• _What you should do_
Below is some data. Retype exactly the lines starting at the one with "Небольшая карповая коробка" and ending at the one with "4、在创建调查页面点击从空白创建;".

• _Material for this exercise_
+===+

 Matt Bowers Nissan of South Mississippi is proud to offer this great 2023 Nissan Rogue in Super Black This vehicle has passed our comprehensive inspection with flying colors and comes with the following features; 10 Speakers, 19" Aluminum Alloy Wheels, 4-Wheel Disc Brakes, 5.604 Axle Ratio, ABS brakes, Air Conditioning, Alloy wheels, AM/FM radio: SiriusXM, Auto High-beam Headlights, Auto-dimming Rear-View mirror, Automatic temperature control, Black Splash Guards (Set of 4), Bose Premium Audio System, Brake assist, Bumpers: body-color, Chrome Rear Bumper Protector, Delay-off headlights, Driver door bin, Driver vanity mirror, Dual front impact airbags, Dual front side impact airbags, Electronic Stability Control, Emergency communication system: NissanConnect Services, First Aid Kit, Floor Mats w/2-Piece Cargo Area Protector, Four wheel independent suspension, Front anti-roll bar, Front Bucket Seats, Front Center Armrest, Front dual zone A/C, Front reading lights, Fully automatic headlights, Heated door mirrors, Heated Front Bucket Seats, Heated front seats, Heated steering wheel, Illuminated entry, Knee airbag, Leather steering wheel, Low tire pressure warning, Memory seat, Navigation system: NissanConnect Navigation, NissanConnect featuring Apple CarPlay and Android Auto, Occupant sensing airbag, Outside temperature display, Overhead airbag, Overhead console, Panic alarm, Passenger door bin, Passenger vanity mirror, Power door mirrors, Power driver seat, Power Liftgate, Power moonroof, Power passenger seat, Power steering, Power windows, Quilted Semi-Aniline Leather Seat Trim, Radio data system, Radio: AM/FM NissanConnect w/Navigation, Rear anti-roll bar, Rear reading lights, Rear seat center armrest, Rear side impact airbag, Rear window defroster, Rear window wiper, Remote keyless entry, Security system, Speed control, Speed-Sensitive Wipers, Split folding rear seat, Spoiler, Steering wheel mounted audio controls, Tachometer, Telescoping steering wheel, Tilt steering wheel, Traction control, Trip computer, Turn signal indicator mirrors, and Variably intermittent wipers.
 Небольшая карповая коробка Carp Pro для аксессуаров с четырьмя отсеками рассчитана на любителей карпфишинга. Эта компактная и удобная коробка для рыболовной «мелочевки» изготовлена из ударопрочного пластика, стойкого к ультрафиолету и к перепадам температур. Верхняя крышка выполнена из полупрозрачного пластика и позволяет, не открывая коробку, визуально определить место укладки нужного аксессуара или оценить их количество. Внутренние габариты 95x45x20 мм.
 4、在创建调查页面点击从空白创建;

+===+

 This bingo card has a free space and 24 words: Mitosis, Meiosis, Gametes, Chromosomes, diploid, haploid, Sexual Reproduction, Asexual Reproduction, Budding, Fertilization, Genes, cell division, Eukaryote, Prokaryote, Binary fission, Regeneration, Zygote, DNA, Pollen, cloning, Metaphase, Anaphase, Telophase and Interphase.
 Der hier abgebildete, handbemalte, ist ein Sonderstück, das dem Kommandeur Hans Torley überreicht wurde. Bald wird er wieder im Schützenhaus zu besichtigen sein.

+===+

• _Written reply_
 Небольшая карповая коробка Carp Pro для аксессуаров с четырьмя отсеками рассчитана на любителей карпфишинга. Эта компактная и удобная коробка для рыболовной «мелочевки» изготовлена из ударопрочного пластика, стойкого к ультрафиолету и к перепадам температур. Верхняя крышка выполнена из полупрозрачного пластика и позволяет, не открывая коробку, визуально определить место укладки нужного аксессуара или оценить их количество. Внутренние габариты 95x45x20 мм.
 4、在创建调查页面点击从空白创建;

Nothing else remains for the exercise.